Let $\ds T = \struct {S, \tau} = \prod_{\alpha \mathop \in I} \struct {S_\alpha, \tau_\alpha}$ be the product space of $\SS$.
Let each of $\struct {S_\alpha, \tau_\alpha}$ for $\alpha \in I$ be $T_2$ (Hausdorff) spaces.
Then $T$ is a $T_2$ (Hausdorff) space.
Proof
Let $x, y \in S : x \ne y$.
Then $x_\alpha \ne y_\alpha$ for some $\alpha \in I$.
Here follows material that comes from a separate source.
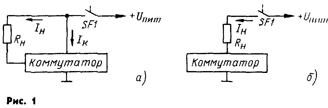 В журнале «Радио» неоднократно были опубликованы описания электронных коммутаторов различной степени сложности и назначения. Но у них всех есть одна общая черта, скорее — недостаток. Он заключается в том, что коммутатор с нагрузкой подключены к источнику питания параллельно, из-за чего общее число проводников в цепях питания коммутатора и нагрузки — не менее трех. Сказанное поясняет функциональная схема на рис. 1, а. Здесь SР1 — выключатель питания (для случая стоп-сигнальных фонарей механически связанный с педалью тормоза); Rн — нагрузка (лампы накаливания); Iк — ток коммутатора; Iн — ток нагрузки. Недостаток такого устройства очевиден.

Since $\struct {S_\alpha, \tau_\alpha}$ is Hausdorff then:
- $\exists U, V \in \tau_\alpha: x_\alpha \in U, y_\alpha \in V : U \cap V = \O$
Let $\pr_\alpha: S \to S_\alpha$ be the projection of $S$ to $S_\alpha$.
Then:
\(\ds \map {\pr_\alpha^\gets} U \cap \map {\pr_\alpha^\gets} V\) | \(=\) | \(\ds \map {\pr_\alpha^\gets} {U \cap V}\) | Preimage of Intersection under Mapping | |||||||||||
\(\ds \) | \(=\) | \(\ds \map {\pr_\alpha^\gets} \O\) | ||||||||||||
\(\ds \) | \(=\) | \(\ds \O\) |
By definition of the projection $\pr_\alpha$:
- $\map {\pr_\alpha} x = x_\alpha \in U$
By definition of the preimage under $\pr_\alpha$:
- $x \in \map {\pr_\alpha^\gets} U$
Similarly:
- $y \in \map {\pr_\alpha^\gets} V$
By definition of the product topology $\tau$:
- $\map {\pr_\alpha^\gets} U, \map {\pr_\alpha^\gets} V \in \tau$
Since $x, y \in S$ were arbitrary, it follows that $T$ is a $T_2$ (Hausdorff) space.
$\blacksquare$